Gaining in popularity, linear motors are ideal for applications that require high speed, accuracy, and repeatability. By using linear motors, design engineers can also gain more travel in the same envelope-they can even have two different motors go to the same area.

Although the market is expanding, one of the factors limiting growth is lack of familiarity with the technology. There are many different types of linear motors, and there are special considerations, such as heat dissipation and cabling.

This special report is intended as a basic overview of linear motors for engineers who are looking for an introduction or may need a quick refresher course. Here, we cover the basic operating principles, the different types of linear motors, the linear motor system, and some of the unique application requirements. Check out our website at www.designnews.com for additional technical information and a complete list of linear motor suppliers.

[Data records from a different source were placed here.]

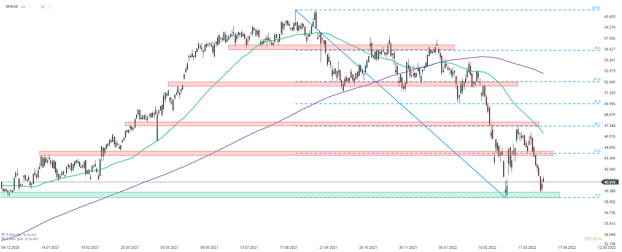 Deutsche Post (DPW.DE) è scesa al livello più basso da novembre 2020 in seguito al lancio dell'invasione russa dell'Ucraina. Le azioni sono riuscite a riprendersi, ma in seguito è arrivata un'altra ondata di vendite. Di conseguenza è apparso un doppio minimo nell'area di € 39,00. Se venisse superata la scollatura del pattern nell'area di 47,20€, le azioni di Deutsche Post potrebbero essere destinate a un movimento al rialzo più ampio. Fonte: xStation5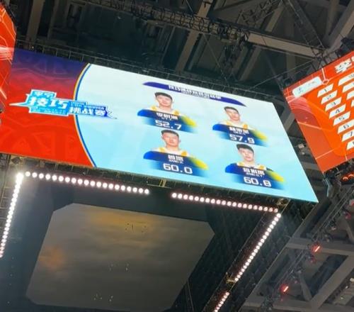 第四個是姜賀,兩個中投都沒有打進,幸好三個三分都可以打進,最終他的成績是60秒。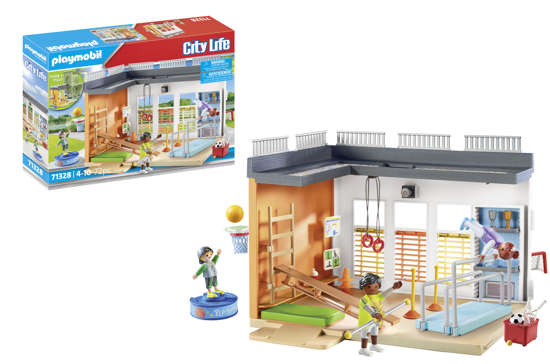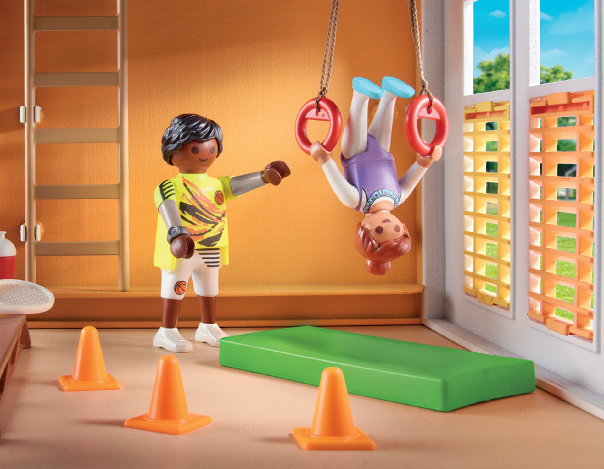 | Plus produit | Avec trois personnages et plusieurs équipements de sports. \nLe socle fonctionnel permet au personnage enfant de marquer vraiment des paniers de basket. \nLa salle de sport permet d\'agrandir l\'école (réf. 71327). |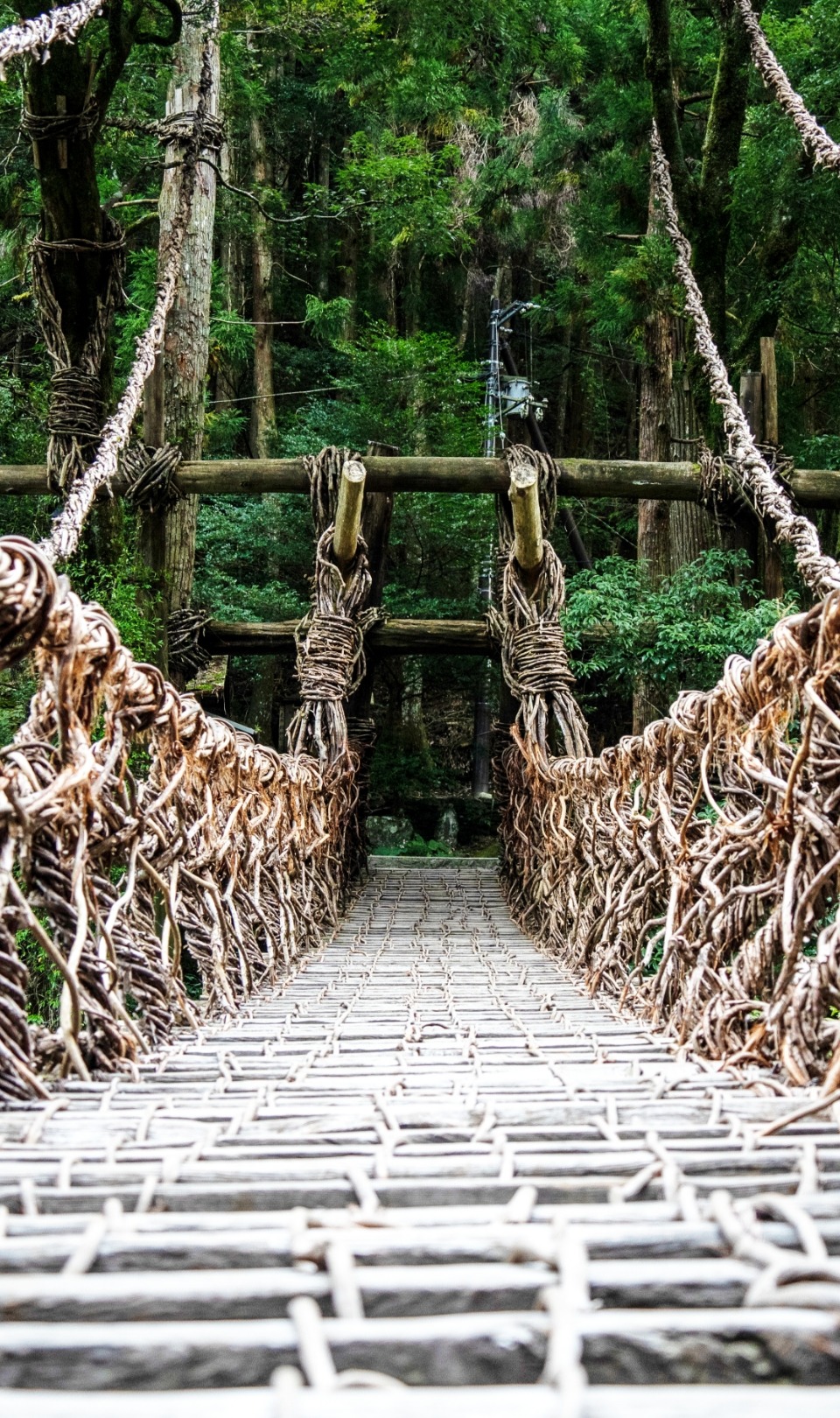 葛藤桥架在两岸的老树上,掩映在绿荫中,在微风中随风摇曳。其在祖谷川清流中倒映的悠然姿态,和

Operating principles. Going back to review first semester physics is a good starting point to understand the basics behind electric motor motion. The physics involved are simple-two like magnetic poles repel each other, and two opposite poles attract each other. It is even easier to understand that linear motors generally work on the same principles as rotary motors. In fact, it's fair to say that at least in concept a linear motor is simply a rotary motor that is laid out flat.

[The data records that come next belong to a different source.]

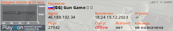 Общая информация ID: 52318 Ссылка: https://playmon.ru/server/46.188.102.34:27042 Адрес: 46.188.102.34:27042 Игроки: 0/16 Статус: Выключен Владелец: Не определён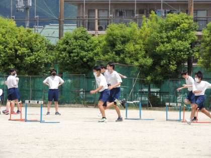保健体育の授業で,ハードル走に取り組んでいる様子です。「良かったよ」と声をかけてもらったり,アドバイスをもらったりして懸命に取り組んでいました。今日は,風も涼しく気持ちよさそうでした。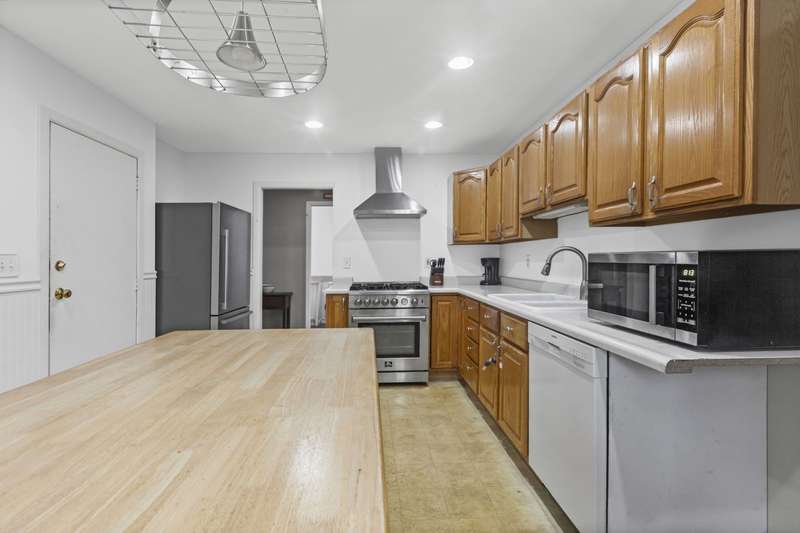 This home offers a wonderful opportunity for single-level ranch living on a quiet, tree-lined street. Offering three nicely-sized bedrooms with a full and a half bath with skylight just waiting for your personal touch. The spacious kitchen features a center island and stainless steel appliances, including a high-end FOMO oven/range. The kitchen opens to a formal living/dining space and a large light-filled family room addition. Adjacent to the family room is a large deck where you can relax and enjoy beautiful sunsets. Additional highlights include a one-car attached garage with an extended drive for ample parking. Roof, gutters, fascia, Tyvek house wrap, and siding in 2018. Updated sewer line and clean out in 2020.
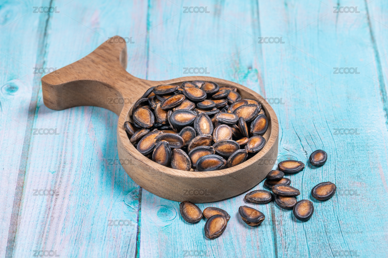 浅蓝色背景上的炒货黑瓜子
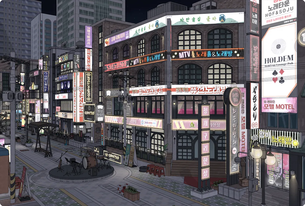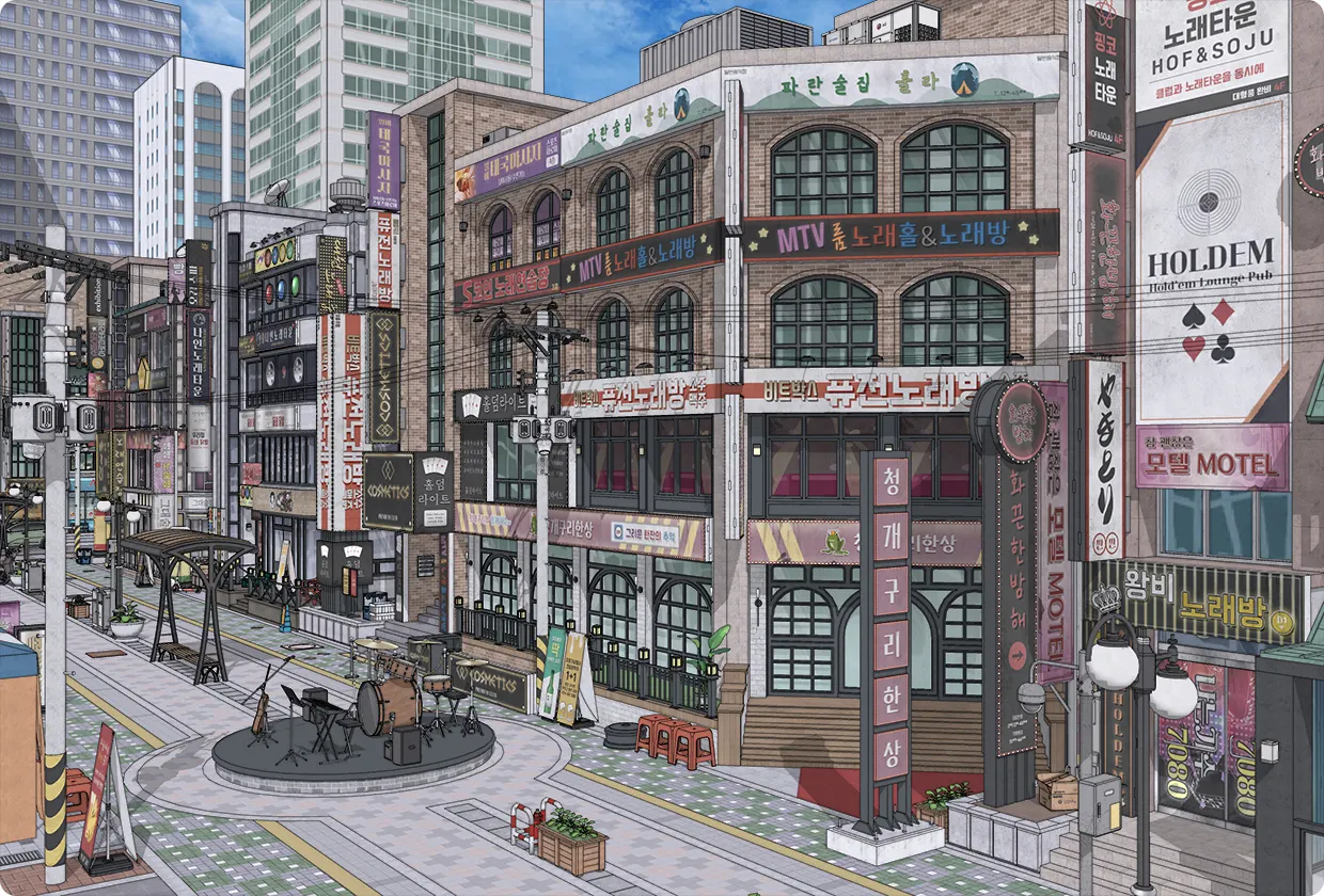 일비 배경을 사용하는 작가님들의 입장에 서서 시작하는 게 중요한 것 같아요. 그 배경으로 작가님들이 어떤 스토리를 쓸 수 있을지, 어떤 연출과 소품이 필요할지, 어떠한 색감이 캐릭터와 어울릴지 등 기획과 제작 중에 계속 작가님들의 시각으로 판단하는 노력이 필요한 것 같아요.

Almost all motors are made of only two parts-a copper coil assembly and a row of permanent magnets. When a current passes through the coil assembly, a magnetic field is created in the surrounding space. As a result, the row of permanent magnets reacts by exerting a force on the copper coil assembly.

Simply turning on an electric current to move the coil assembly will not create continuous motion, so the current is commutated. Commutation means switching the current on and off in the coil windings. By changing the current direction, at a key point and time along the path, you can control the magnetic flux to create continuous motion.

Compared to ball screws or timing belt technology, linear motors can provide higher acceleration, velocity, and accuracy. Furthermore, due to higher repeatability and reduced settling time, throughput can also be significantly increased.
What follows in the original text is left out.